__Try it__: Output the data below only from the line containing "参与活动的小朋友在留言板写下对卢作孚的感谢" up to and including the line containing "Prosesi pelantikan dilaksanakan", exact and with the pictures left out.

Records drawn from a dataset
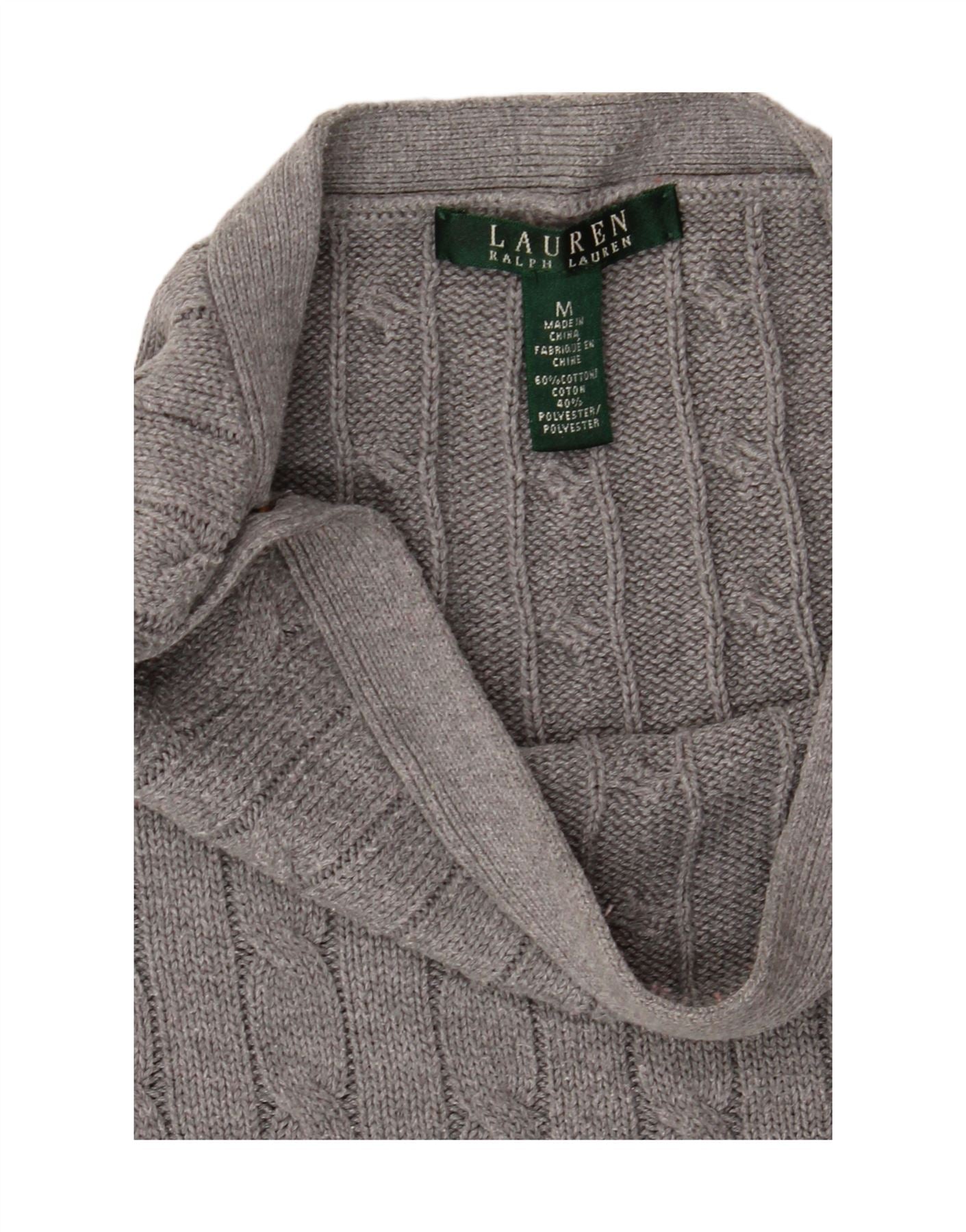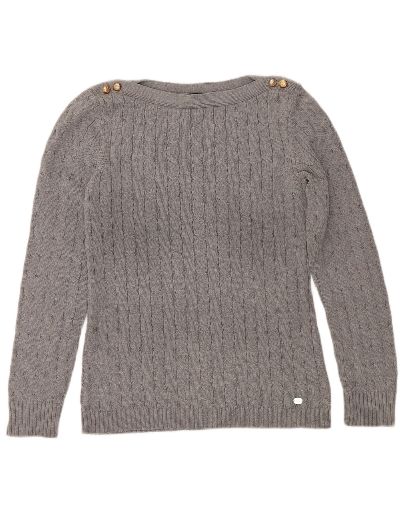 RALPH LAUREN Maglione da donna con scollo a barca UK 14 Cotone grigio medio
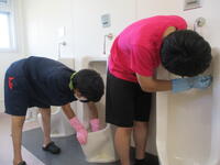 トイレの便器洗い、排水溝掃除を行いました。いつも使っている用具ではないもので、細かいところまでみんな夢中になって便器を磨いていました。
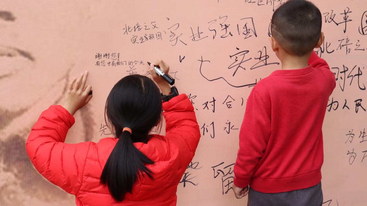 参与活动的小朋友在留言板写下对卢作孚的感谢
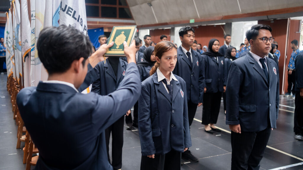 Prosesi pelantikan dilaksanakan dengan seluruh ketua dan wakil ketua organisasi kemahasiswaan mengambil sikap sempurna, dilanjutkan pembacaan naskah pelantikan oleh Direktur. Selanjutnya, ikrar pengurus dibacakan oleh Ketua Badan Eksekutif Mahasiswa dan diikuti seluruh pengurus ormawa, sebelum kemudian disampaikan sambutan serta arahan dari Direktur kepada pengurus yang baru dilantik.
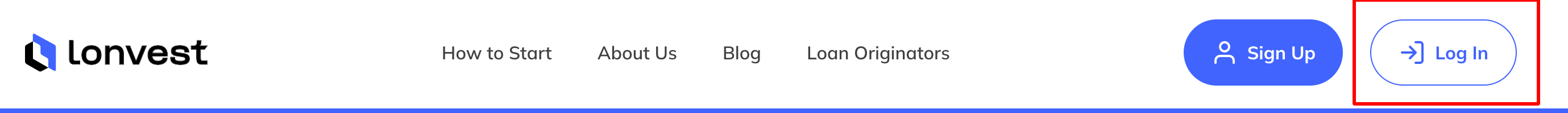 1. Click on the Login button located in the top-right corner of the Lonvest web platform or follow the link provided.
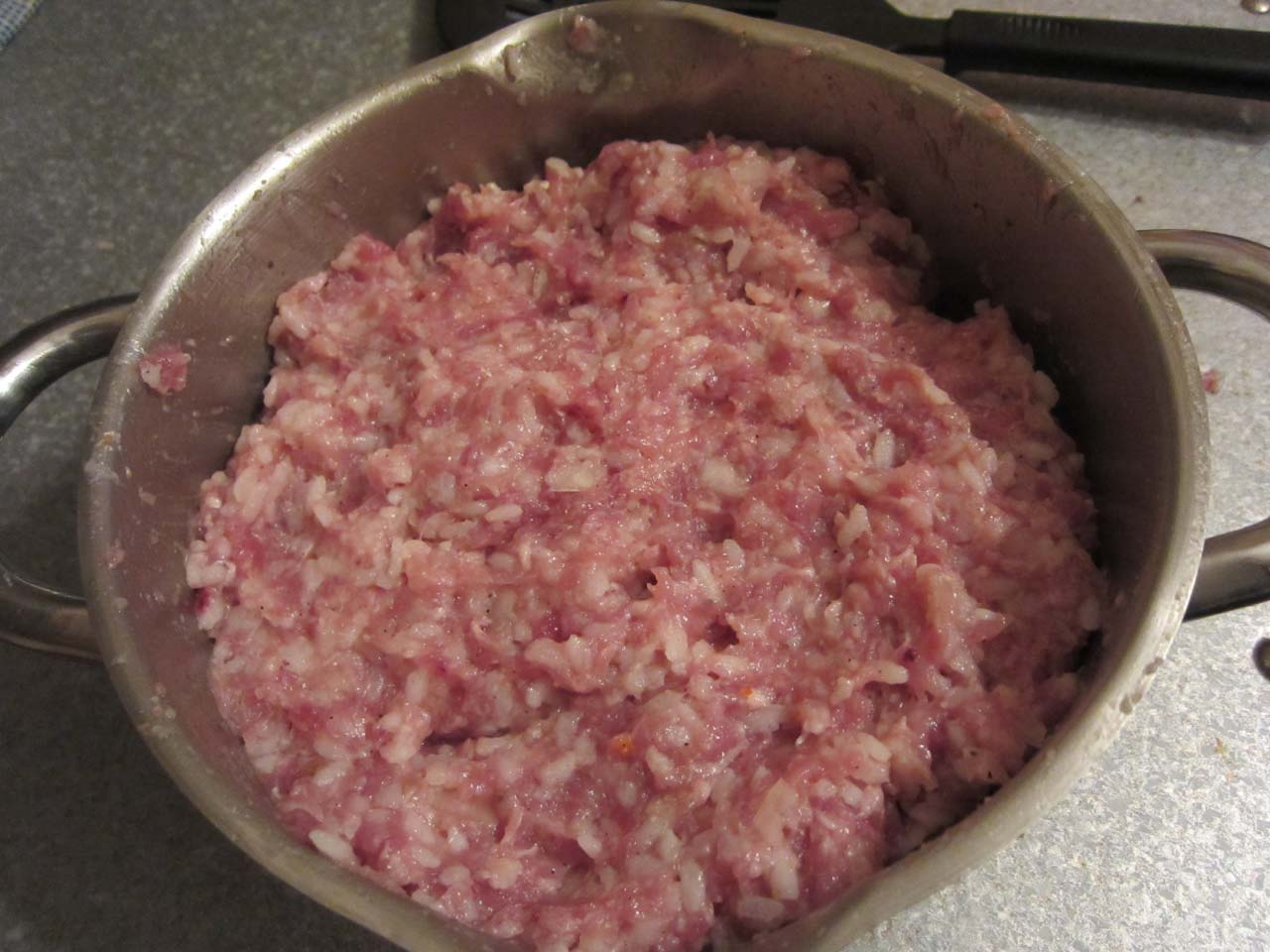 1. Свиное мясо пропустила через мясорубку. К полученному фаршу добавила мелко порезанный лук, пропущенный через пресс чеснок, варённый рис, яйцо, соль, перц - всё очень хорошо перемешала.

__Answer space__:
 参与活动的小朋友在留言板写下对卢作孚的感谢
 Prosesi pelantikan dilaksanakan dengan seluruh ketua dan wakil ketua organisasi kemahasiswaan mengambil sikap sempurna, dilanjutkan pembacaan naskah pelantikan oleh Direktur. Selanjutnya, ikrar pengurus dibacakan oleh Ketua Badan Eksekutif Mahasiswa dan diikuti seluruh pengurus ormawa, sebelum kemudian disampaikan sambutan serta arahan dari Direktur kepada pengurus yang baru dilantik.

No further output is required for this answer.